Derrière les barbelés du camp de Pournara, à une dizaine de kilomètres de la capitale Nicosie, les exilés s’entassent dans le froid et la boue. De l’eau souillée ruisselle au milieu des tentes blanches battues par le vent. Dans les allées, des centaines d’hommes, de femmes et d’enfants venus du monde entier font la queue pour un peu de nourriture. Tous attendent d’être enregistrés comme demandeurs d’asile. Une première étape pour sortir de ce centre et espérer obtenir le statut de réfugié.
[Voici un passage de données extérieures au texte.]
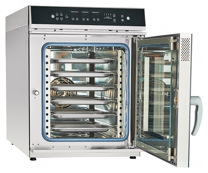 Пароконвектомат Abat ПКА 6-2/3В предназначен для приготовления широкого спектра блюд, выпечки хлебобулочных и кондитерских изделий в гостиничном и ресторанном бизнесе, на предприятиях пищевой промышленности, общественного питания и торговли. Модель оснащена воздушным трубчатым электронагревателем, вентилятором в задней стенке, дверью с поворотной рукояткой и смотровым окном, а также панелью управления с мембранной клавиатурой, светодиодными лампами индикации и цифровыми дисплеями. Внутренняя облицовка камеры, лопасти вентилятора и направляющие для противней выполнены из высококачественной нержавеющей стали, дверь и верхняя фронтальная панель в исполнении черного цвета. Пароконвектомат используется совместно с вытяжным зонтом Abat ЗВВ-750П. Гастроемкости не входят в комплект поставки и приобретаются отдельно. Рекомендуется дополнительно приобрести водоумягчитель и фильтр-систему для очистки и смягчения воды. Подробнее о необходимости водоподготовки читайте здесь. Особенности:

«Je viens d’arriver. Ce n’est vraiment pas facile de vivre ici», souffle Sylla* à travers les hauts grillages coiffés de caméras de surveillance. «Mais je me sens toujours plus en sécurité qu’au pays», poursuit-il. Originaire de Guinée-Conakry, l’homme de 23 ans a tout laissé derrière lui. A peine a-t-il pu prendre quelques af­faires dans un sac à dos. «J’ai dû m’enfuir vite parce que ma vie était menacée. Les voisins voulaient s’en prendre à moi et ma famille car nous sommes catholiques», explique le jeune homme, qui vivait dans un village animiste. En 2021, 86% des 5898 chrétiens tués en raison de leur foi à travers le monde étaient africains, selon l’ONG Portes ouvertes. Une menace en constante augmentation depuis une dizaine d’années.
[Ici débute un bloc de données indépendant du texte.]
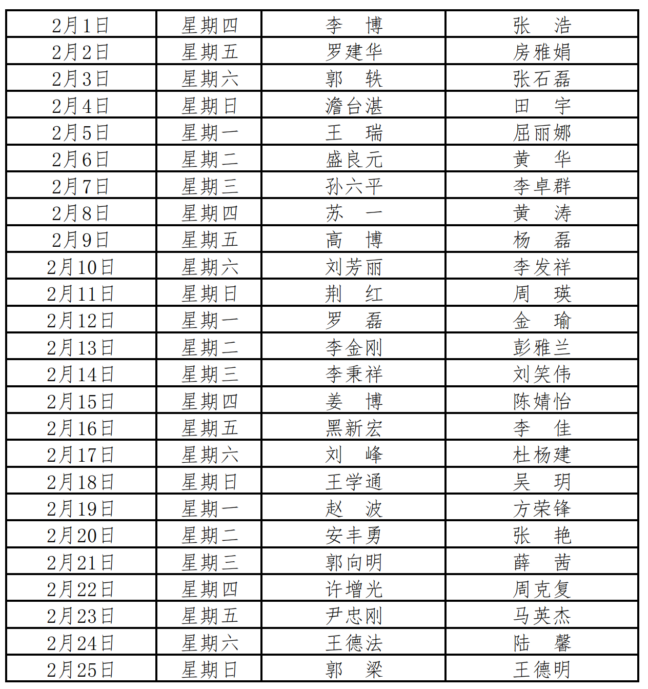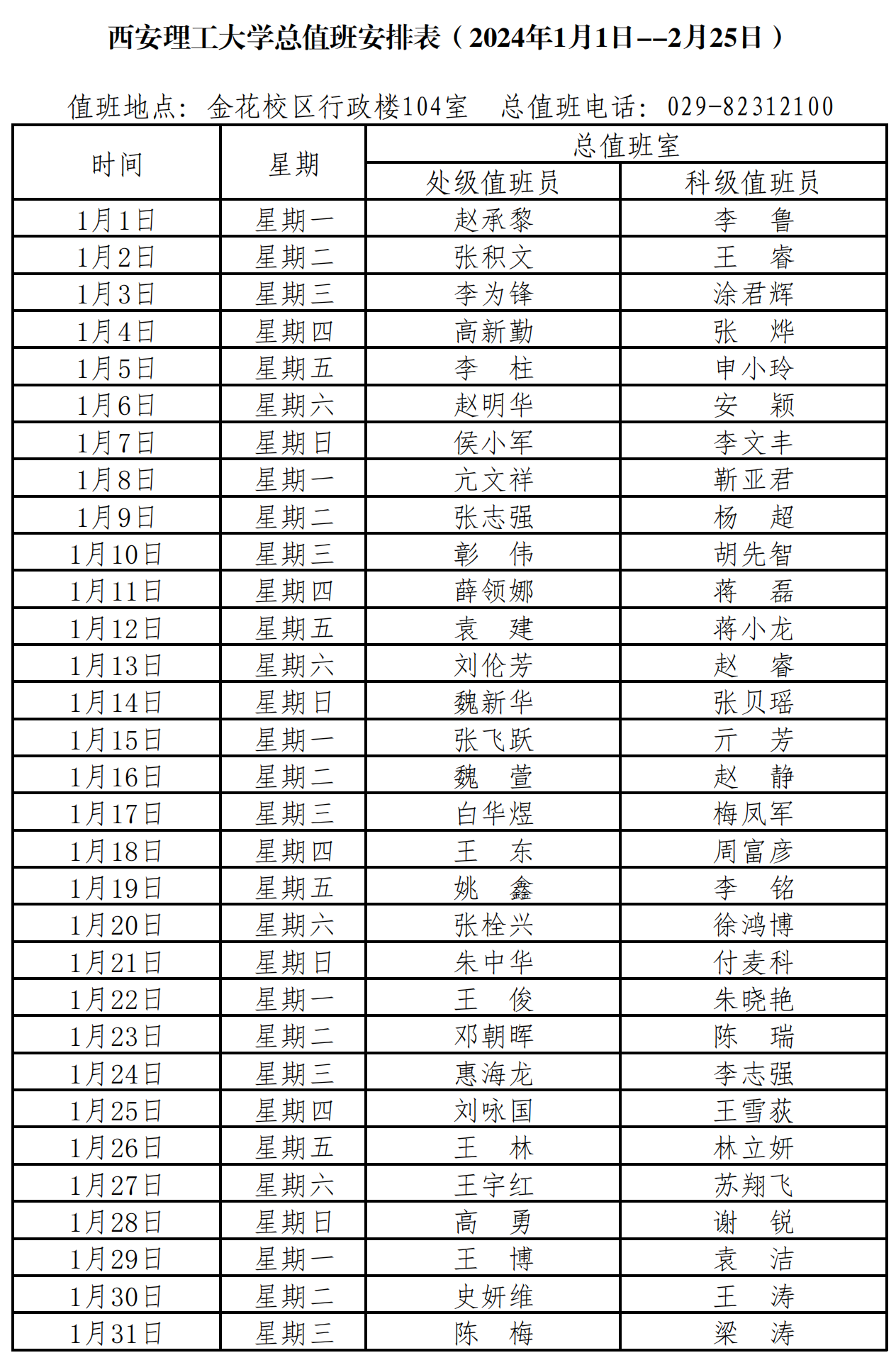 BEAT365英国官网总值班安排表(2024年1月1日--2月25日)

Beaucoup, comme Sylla, choisissent alors l’exil dans l’espoir d’un avenir meil­leur en Europe. Chypre est devenue un point de passage privilégié par ces mi­grants. Membre de l’Union européenne, le pays ne fait pourtant pas partie de l’es­pace Schengen. Aussi, la procédure «Du­blin», qui contraint les exilés à demander l’asile dans le premier Etat membre qu’ils foulent, les piège sur cette île. «Je n’étais pas au courant de tout ça en arrivant ici, soupire Fred *, la trentaine. Les passeurs nous ont menti. On croyait pouvoir re­joindre le continent et vivre dignement, mais on est coincés.» Originaire de Ré­publique démocratique du Congo, où il était menacé de mort, ce pasteur évan­gélique a fui avec sa famille. «Un musul­man très puissant a découvert que j’avais converti sa femme, alors il a envoyé ses hommes chez moi. Il n’y avait personne à part la femme de ménage. Ils ont cru que c’était mon épouse, alors ils l’ont tuée», poursuit-il d’une voix tremblante, en fai­sait défiler sur son téléphone les photos d’un corps inerte, mutilé à la machette.

Comme la plupart des demandeurs d’asile à Chypre, Fred est arrivé en avion. Il a pu voyager légalement dans la zone oc­cupée par la Turquie depuis 1974. Ensuite, des passeurs l’ont aidé à franchir la ligne de démarcation pour rejoindre la Chypre du Sud, seul État reconnu et membre de l’UE. «On s’est fait avoir», reconnaît Jean-Mar*, lui aussi originaire de RDC. Comme la plupart des exilés, ce sexagé­naire explique avoir obtenu un visa «très facilement» en s’inscrivant dans une uni­versité chypriote turque. «J’ai payé mes frais de scolarité et c’était bon!» raconte ce pasteur. Ce business du visa étudiant, délivré par les autorités du Nord, cristal­lise les tensions entre les deux Chypre. Le gouvernement du Sud accuse la Turquie d’instrumentaliser les migrants dans le conflit latent qui les oppose.

Malgré les conditions d’accueil in­dignes, Jean-Mar ne regrette pas son départ. «Au pays, je serais mort», as­sure ce pasteur contraint à l’exil «à la suite d’un prêche contre les politiciens corrompus». Le Congolais cultive tou­jours l’espoir de rejoindre son frère à Bruxelles et de «continuer à répandre la parole du Seigneur».